Data |
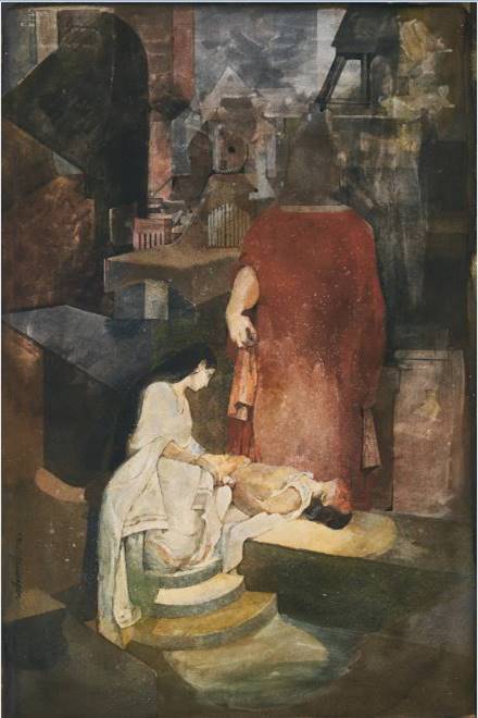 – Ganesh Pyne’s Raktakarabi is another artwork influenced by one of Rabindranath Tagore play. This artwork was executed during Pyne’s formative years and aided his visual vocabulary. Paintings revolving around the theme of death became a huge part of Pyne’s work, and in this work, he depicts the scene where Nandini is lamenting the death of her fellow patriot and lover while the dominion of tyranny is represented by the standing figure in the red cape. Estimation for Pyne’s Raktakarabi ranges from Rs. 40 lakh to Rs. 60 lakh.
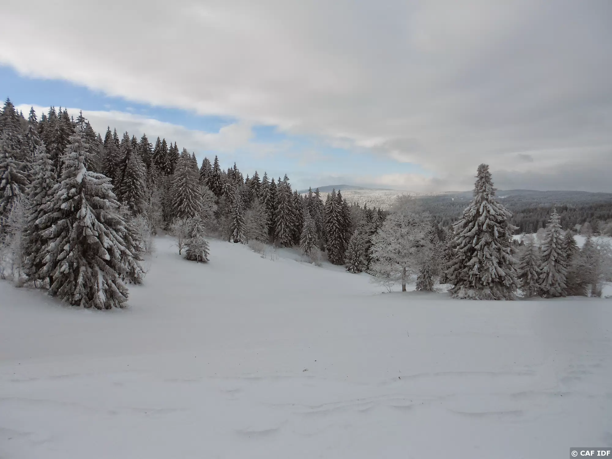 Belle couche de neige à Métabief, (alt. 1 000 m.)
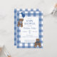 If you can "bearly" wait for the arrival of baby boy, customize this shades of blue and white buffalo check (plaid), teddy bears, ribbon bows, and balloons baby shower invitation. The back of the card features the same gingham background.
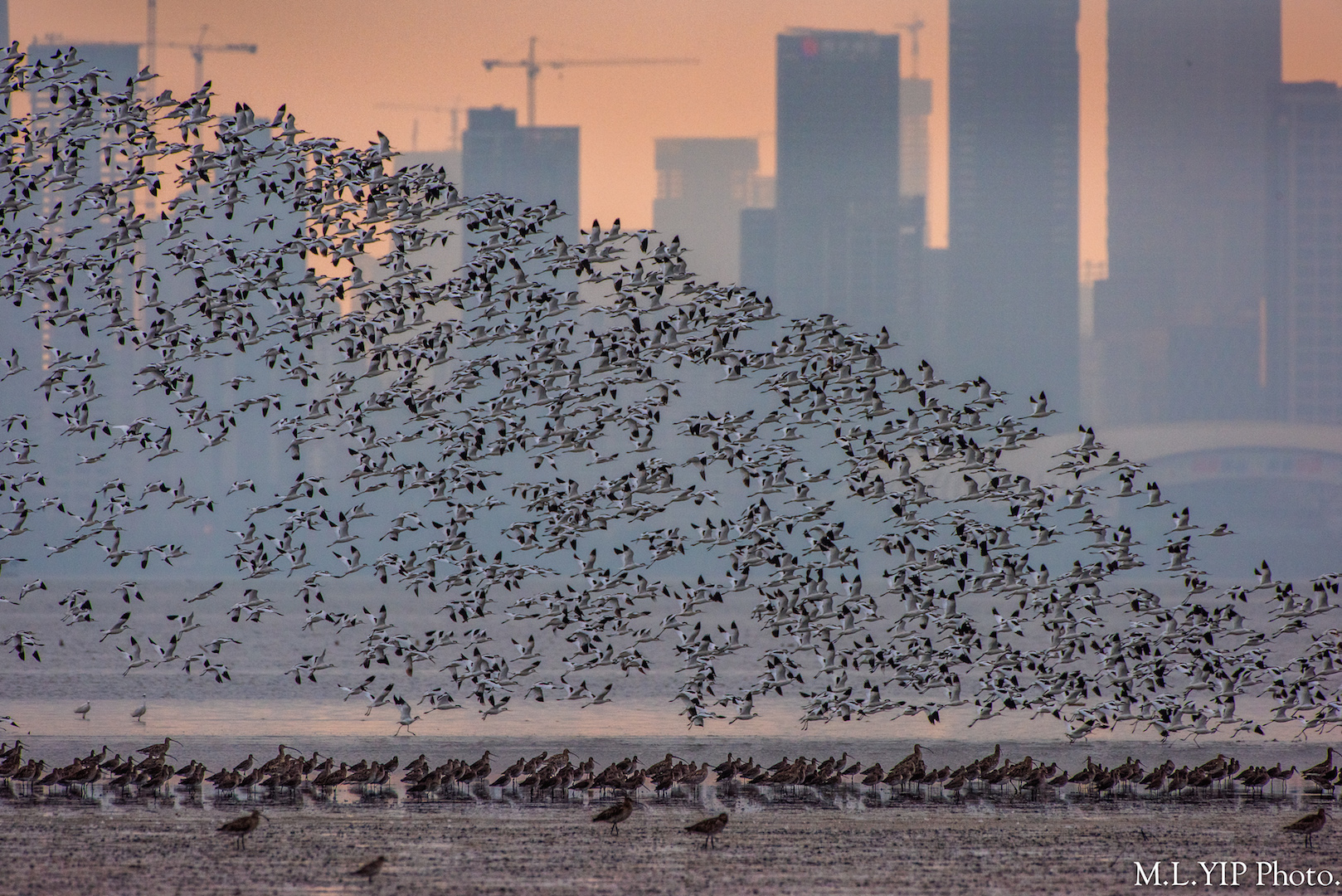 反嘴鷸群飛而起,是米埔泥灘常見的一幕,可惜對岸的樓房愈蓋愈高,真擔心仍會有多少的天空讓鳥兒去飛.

==

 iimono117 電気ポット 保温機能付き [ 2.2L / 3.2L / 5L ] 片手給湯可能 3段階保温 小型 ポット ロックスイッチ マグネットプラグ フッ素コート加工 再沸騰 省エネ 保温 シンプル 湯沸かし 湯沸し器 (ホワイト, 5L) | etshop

Aim of the exercise |
Please set down, exactly and with no pictures, the lines in the entries above starting at the one holding "Rs. 60 lakh." and ending at the one holding "Belle couche de", ends included.

Answer to this exercise |
 – Ganesh Pyne’s Raktakarabi is another artwork influenced by one of Rabindranath Tagore play. This artwork was executed during Pyne’s formative years and aided his visual vocabulary. Paintings revolving around the theme of death became a huge part of Pyne’s work, and in this work, he depicts the scene where Nandini is lamenting the death of her fellow patriot and lover while the dominion of tyranny is represented by the standing figure in the red cape. Estimation for Pyne’s Raktakarabi ranges from Rs. 40 lakh to Rs. 60 lakh.
 Belle couche de neige à Métabief, (alt. 1 000 m.)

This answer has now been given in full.